* **EXTRACTED INFORMATION**:
----

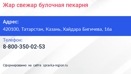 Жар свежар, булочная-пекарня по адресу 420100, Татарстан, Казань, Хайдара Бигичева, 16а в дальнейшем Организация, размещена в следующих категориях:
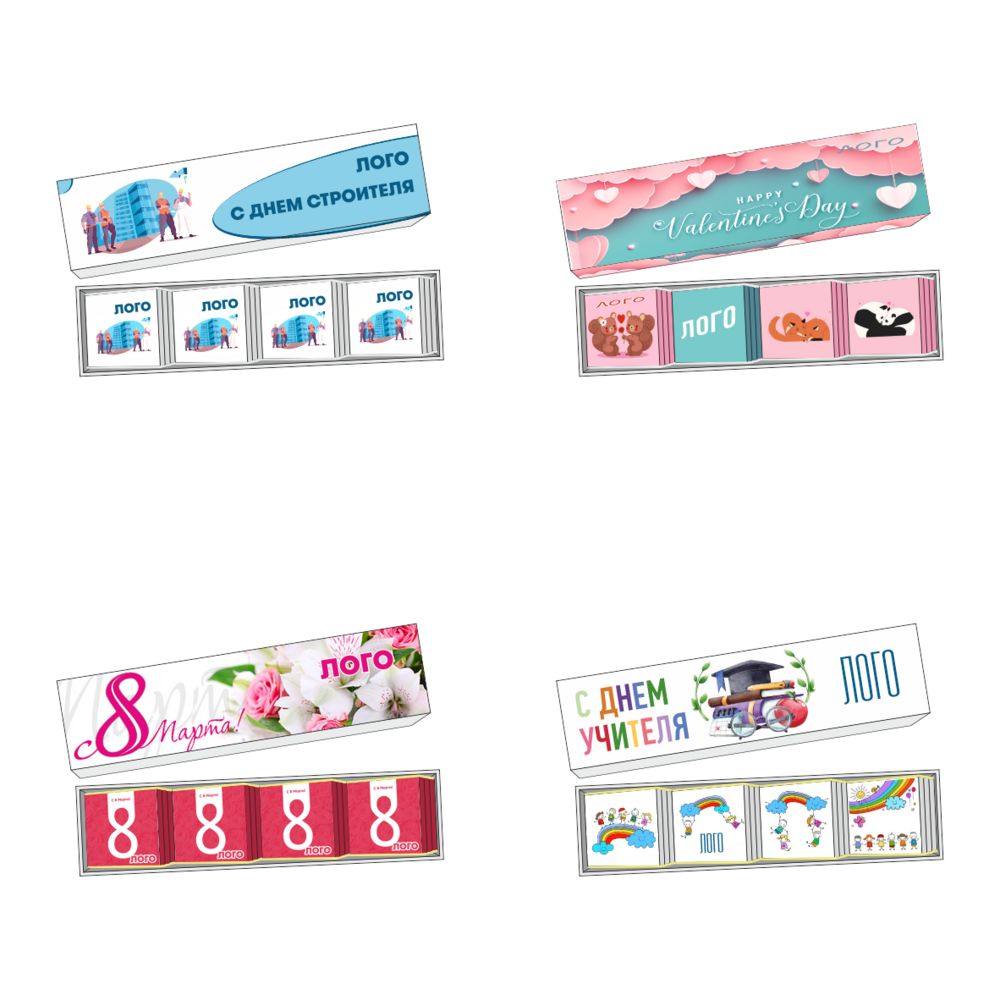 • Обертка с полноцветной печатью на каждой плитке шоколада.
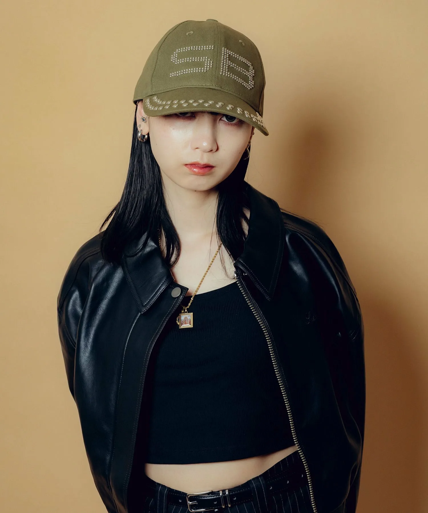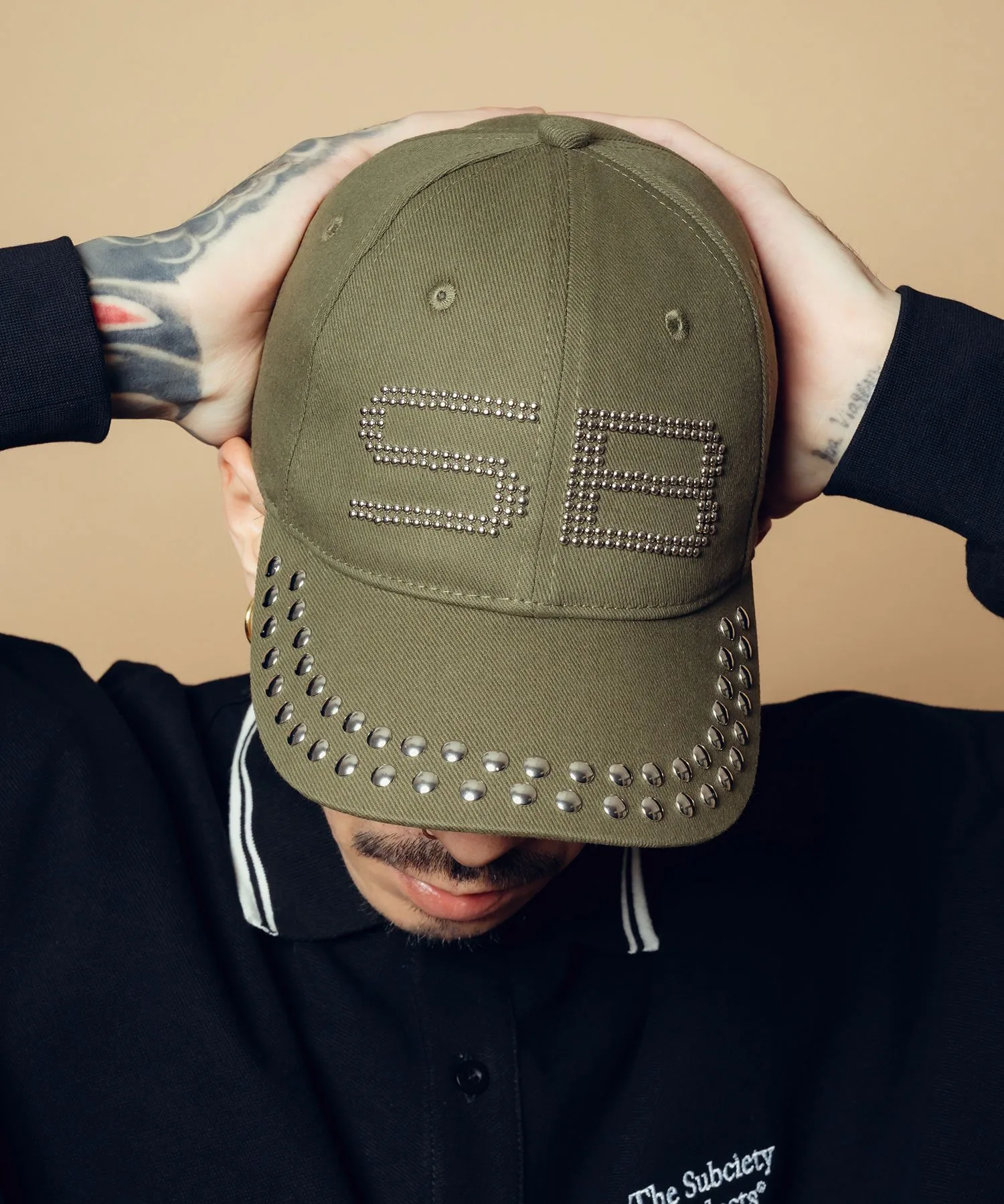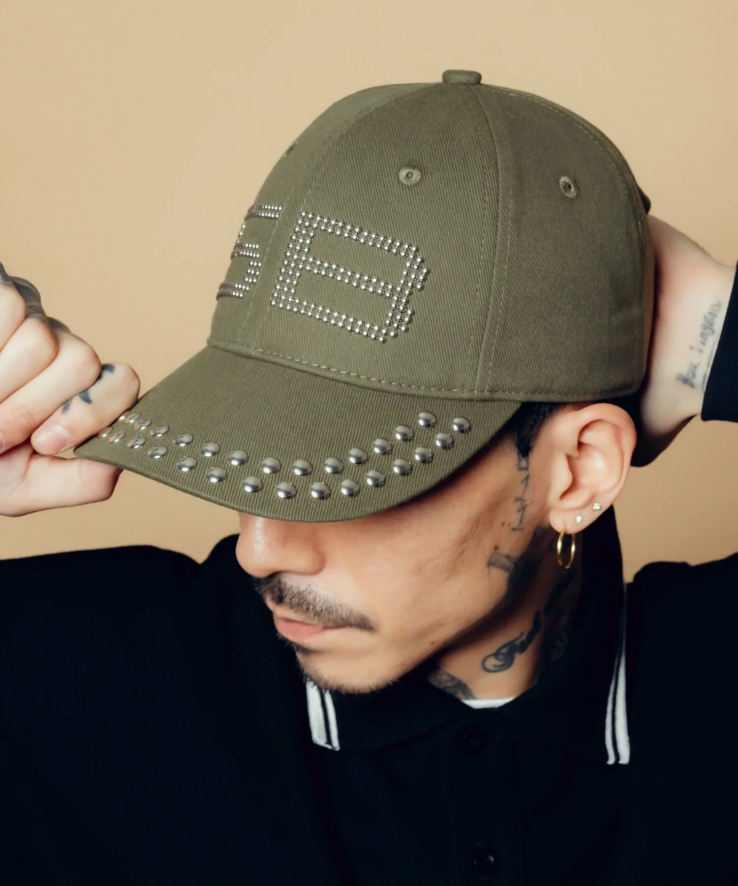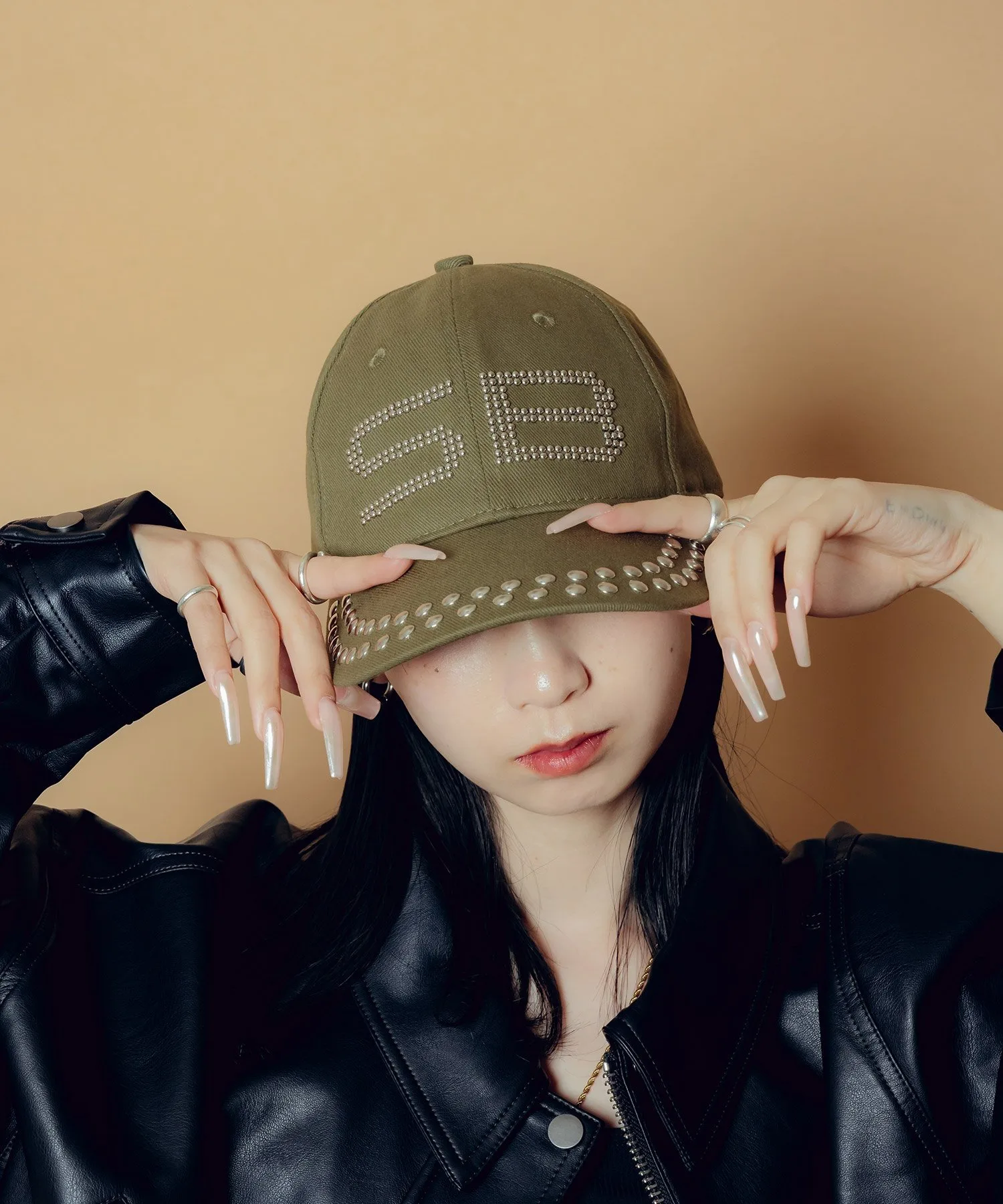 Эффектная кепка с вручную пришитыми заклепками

----

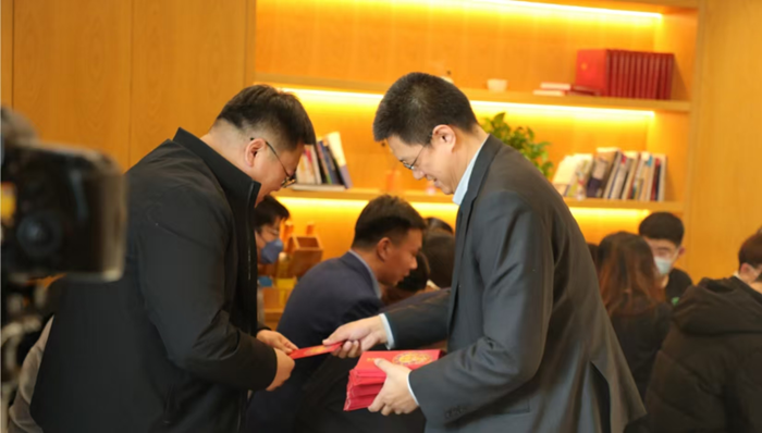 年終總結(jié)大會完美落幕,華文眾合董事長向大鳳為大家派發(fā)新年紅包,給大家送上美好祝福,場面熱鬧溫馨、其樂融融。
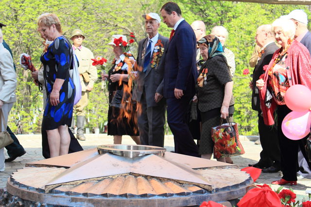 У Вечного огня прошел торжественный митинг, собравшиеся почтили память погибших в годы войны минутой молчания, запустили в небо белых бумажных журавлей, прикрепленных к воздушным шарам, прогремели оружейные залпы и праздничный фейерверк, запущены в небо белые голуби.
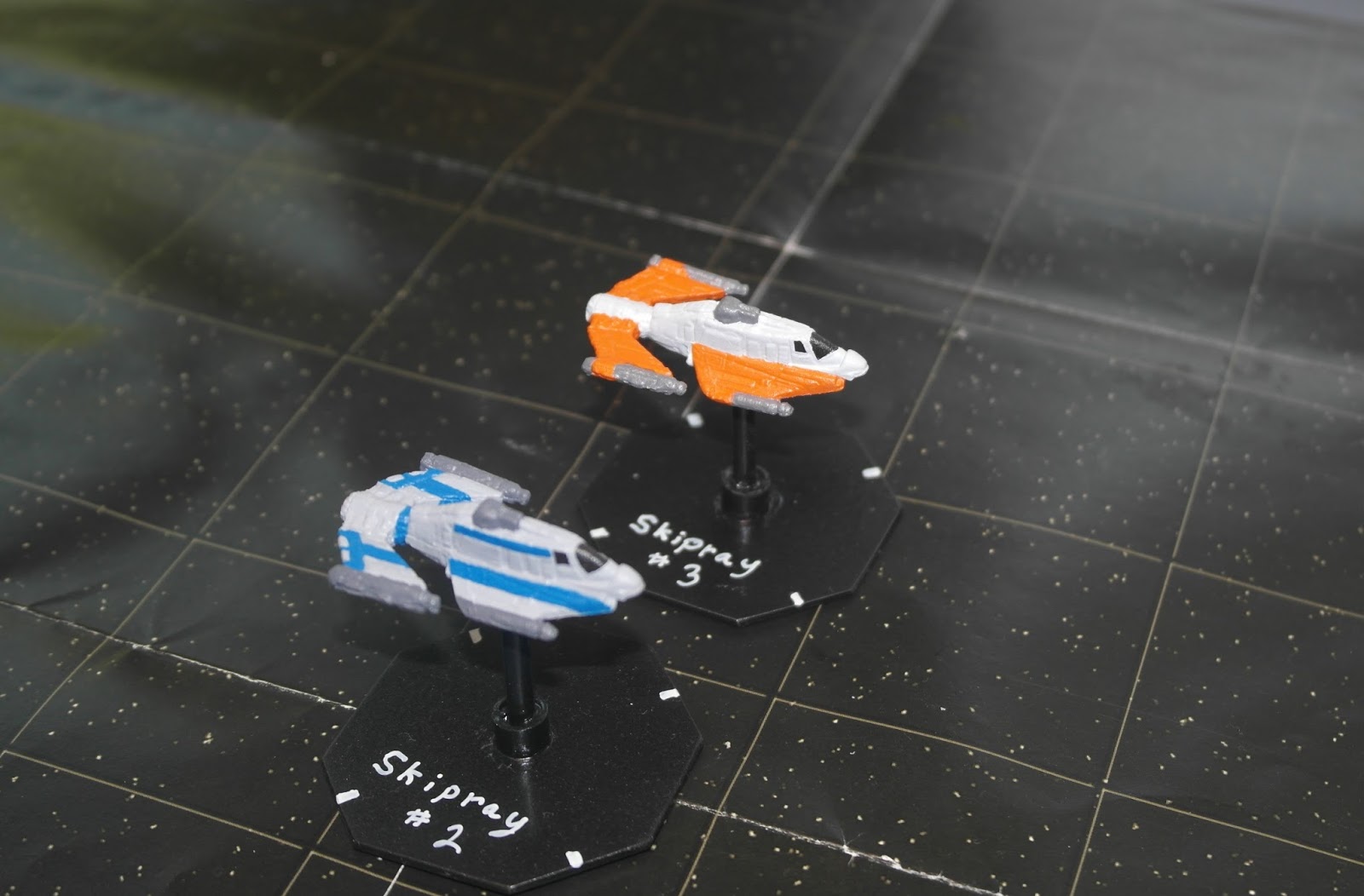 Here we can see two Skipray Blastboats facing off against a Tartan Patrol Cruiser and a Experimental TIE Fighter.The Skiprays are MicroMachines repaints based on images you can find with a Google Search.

----

* **REQUIREMENT**: Every line above between the one containing "Жар свежар, булочная-пекарня" and the one containing "Эффектная кепка с", those two included, is to be printed exactly. No pictures go into the copy.

* **EXERCISE RESPONSE**:
 Жар свежар, булочная-пекарня по адресу 420100, Татарстан, Казань, Хайдара Бигичева, 16а в дальнейшем Организация, размещена в следующих категориях:
 • Обертка с полноцветной печатью на каждой плитке шоколада.
 Эффектная кепка с вручную пришитыми заклепками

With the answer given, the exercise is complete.